Presenting the St Kitts and Nevis budget for 2007 this week, Prime Minister
and Minister of Finance, Dr Denzil Douglas, said that despite the shutting down
of the federation's once important sugar production sector, 2006 would see growth
in the economy of 4.6%.
The tourism and construction sectors were continuing to underpin the economy,
he said, as they had done in 2005. All service sectors however had shown growth,
including communications, banking and insurance.
Citing increased social costs as a result of the shut-down, Dr Douglas announced
a range of tax increases, including a 5% levy on domestic telephone calls in
St Kitts and Nevis, from January 1, 2007.

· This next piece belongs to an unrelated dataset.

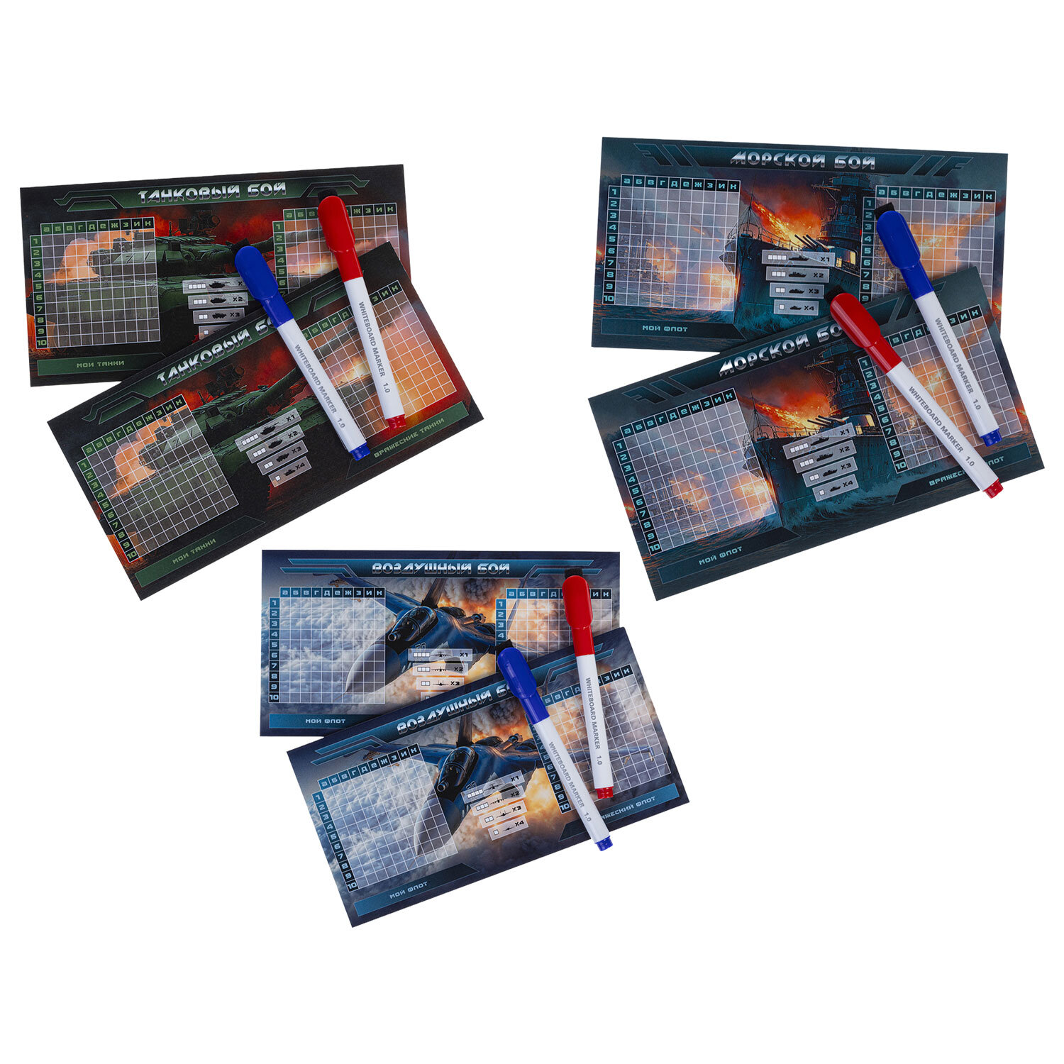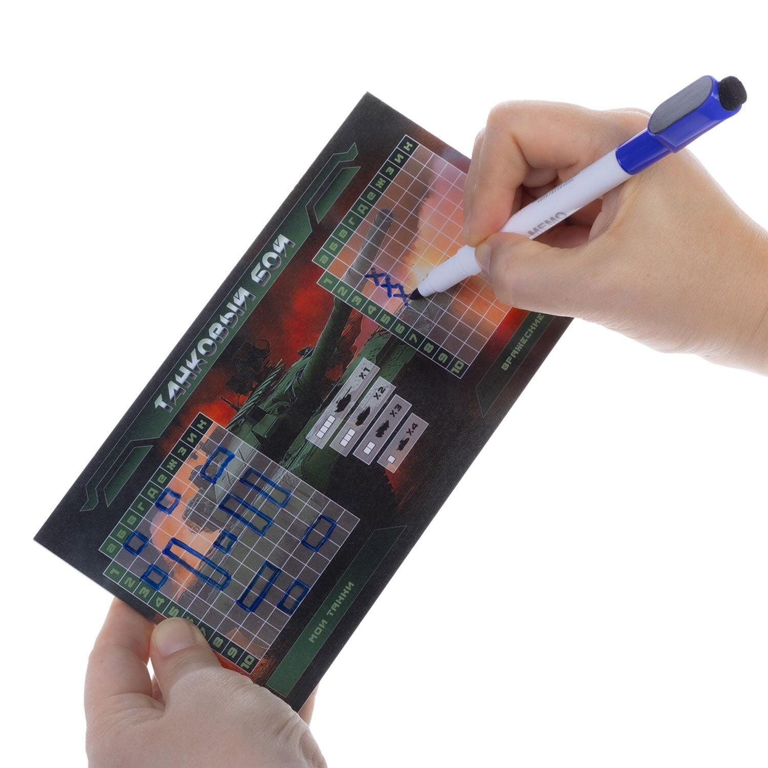 Игра настольная "Пиши-Стирай" МОРСКОЙ/ТАНКОВЫЙ/ВОЗДУШНЫЙ БОЙ, 2 стираемых маркера, ассорти Код товара: 667454 220,47 ₽ Купить Производитель:HATBER Настольные игры - хороший способ весело и интересно провести время в кругу семьи или друзей. Подходят как для семейных вечеров, так и для больших и шумных компаний. Игра "Морской бой" - это классическая настольная игра для двух игроков, цель которой первым потопить весь флот противника. На каждого игрока приходится по одной карточке, на которой отражены два квадрата размером 10х10- игровые поля. В первом квадрате игроки расставляют свои корабли. Во втором квадрате отмечают результаты стрельбы по кораблям противника и их расположение. Дети учатся планировать свои ходы заранее, учитывая возможные варианты действий противника. Это помогает развивать способность предвидеть последствия своих решений. Запоминание местоположений кораблей и ходов соперника способствует развитию зрительной и кратковременной памяти.Производство: РоссияСерия: Игра настольнаяМодель: Настольная играЖанр игры: стратегияВозраст: 3+Количество игровых элементов: 4 шт.Мин. количество игроков: 2Макс. количество игроков: 2Материал игрового поля: картонДлина игрового поля*: 20.5 смШирина игрового поля*: 10.5 смУпаковка: пакетСрок годности: 36 месВес: 83 грРазмер упаковки: 0.5 × 10.5 × 20.5 смОбъём: 0.0002 м3Промежуточная упаковка: 20 штТранспортная упаковка: 20 штШтрих-код: 4606782607589

There will also be a 15% excise duty on alcohol and tobacco products, and an
increase in the existing Social Services Levy from 8% to 10% on salaries in
excess of EC$8,000 monthly.
The Prime Minister claimed that liberalisation of the telecommunications sector
has driven down prices, so that, overall, costs would not increase. "We
feel that the time is now right to extend the current tax on international calls
to land based calls," he said.
Income tax legislation will also be amended to require companies to pay taxes
at the same time as filing their tax returns; currently they have three months
in which to pay. "This does not allow the Government to manage its cash
flow in an effective manner. Therefore in order to address this issue the Income
Tax legislation will be amended to allow for self-assessment and for payment
to be made on the date of filing," said the Prime Minister.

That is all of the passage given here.